Strijd over bijkomende kosten nog niet gestreden

Zijn bijkomende kosten bij de aanschaf van gronden nu wel of niet fiscaal aftrekbaar? De fiscus vindt nog steeds van niet. De overvloedige rechtspraak reageert genuanceerd.

De auteur is advocaat en hoofdredacteur van Fiscoloog.

Gronden zijn (in de regel) niet afschrijfbaar, omdat gronden doorgaans hun waarde behouden. Volgens de fiscus is daarmee meteen ook het lot van de ‘bijkomende’ kosten bezegeld (registratierechten, notariskosten enzovoort). Op basis van het principe dat de ‘bijzaak’ de ‘hoofdzaak’ volgt, heeft de belastingadministratie altijd voorgehouden dat de bijkomende kosten bij de aanschaf van gronden dus ook niet afschrijfbaar zijn.

Geld kwijt. Die mening is decennialang vrij algemeen aanvaard. Maar de twijfel is blijven knagen. Het probleem is immers dat men de bijkomende kosten à fonds perdu betaalt.
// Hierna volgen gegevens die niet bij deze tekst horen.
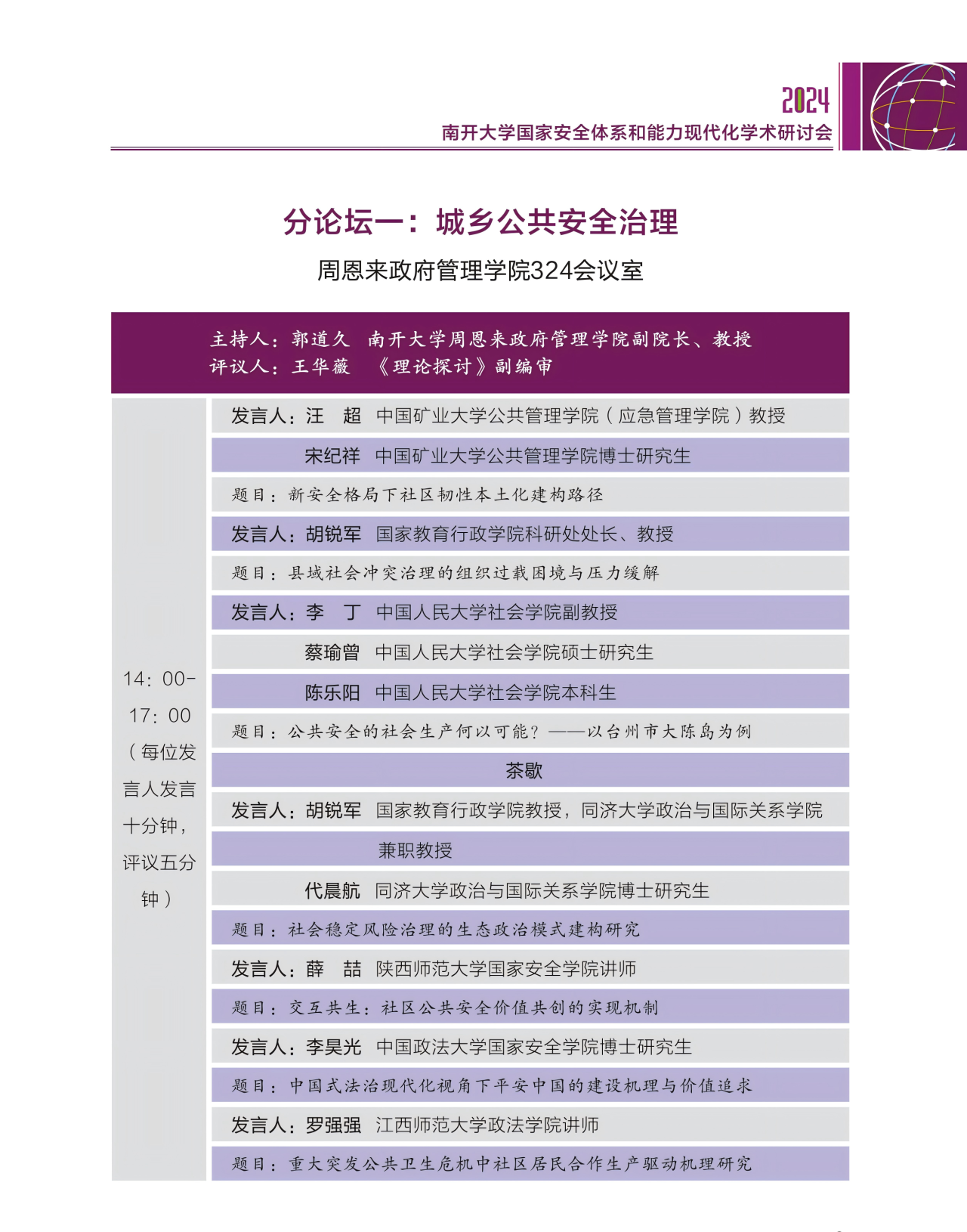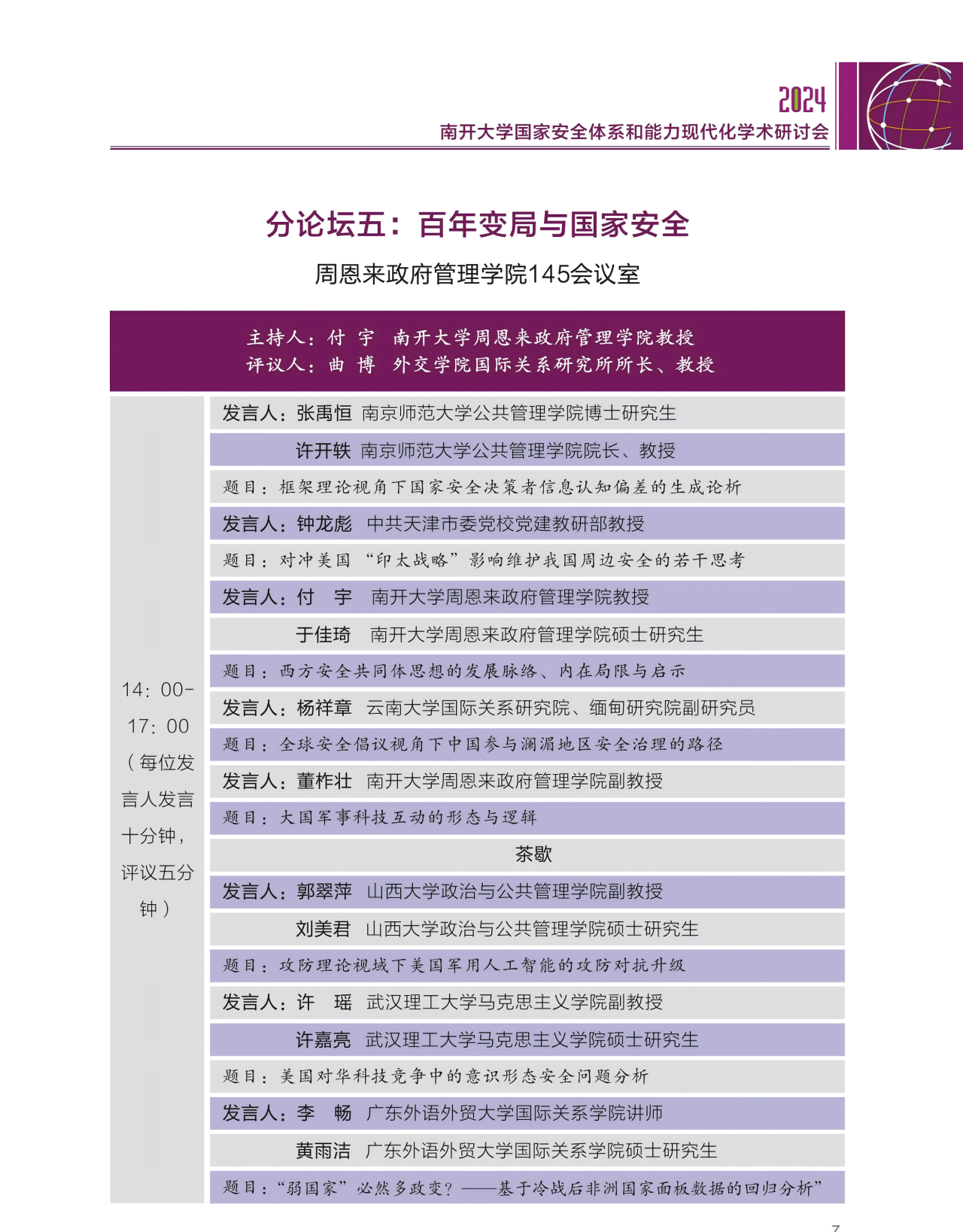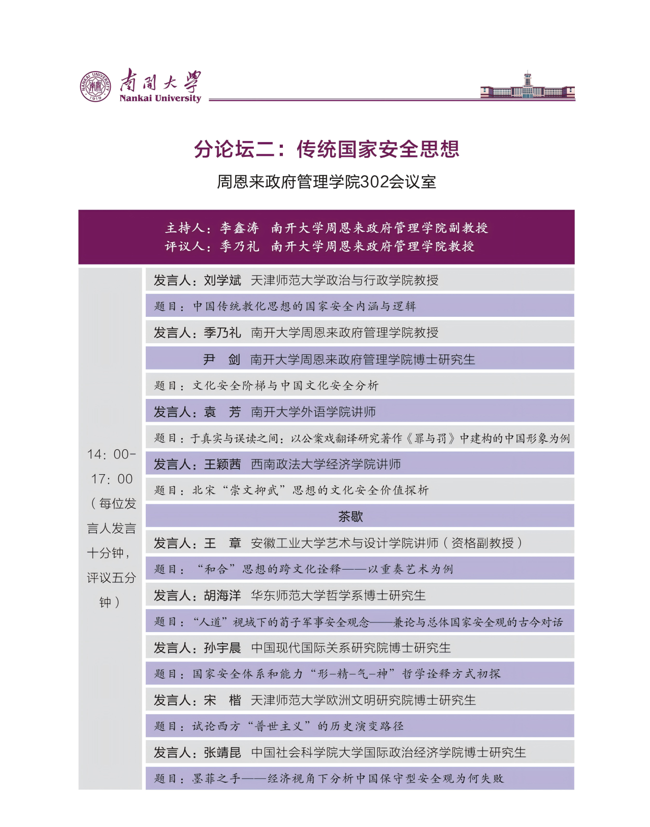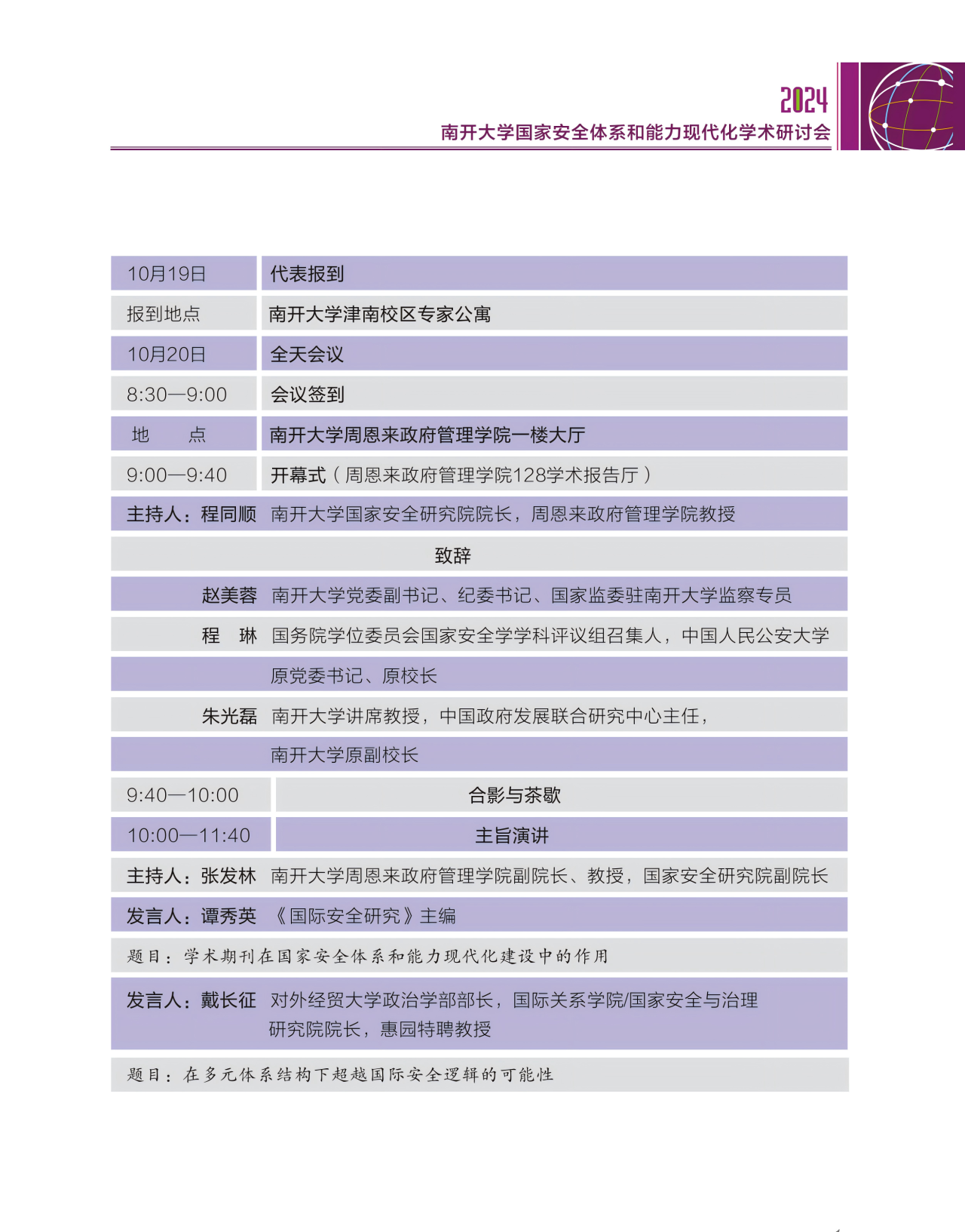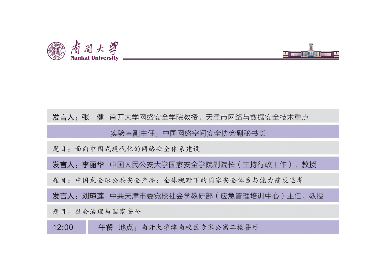 南开大学“国家安全体系和能力现代化”学术研讨会议程发布

Men is dat geld kwijt, zonder dat de grond noodzakelijk meer waard wordt.

Een grond die ik vandaag aankoop tegen een basisprijs van 10.000 euro, kan ik morgen allicht doorverkopen tegen dezelfde 10.000 euro. Heb ik voor de aankoop van de grond bijvoorbeeld 1500 euro bijkomende kosten betaald, dan is het absoluut niet zeker dat ik die kosten bij de daaropvolgende wederverkoop zal kunnen recupereren. De ‘verkoop’-waarde van mijn aangeschafte grond is 10.000 euro, en waarschijnlijk niet 11.500 euro.

Vandaar dat in de loop der jaren altijd weer stemmen opgingen om te bepleiten dat de bijkomende kosten (in het voorbeeld: 1500 euro) wel fiscaal aftrekbaar moeten zijn.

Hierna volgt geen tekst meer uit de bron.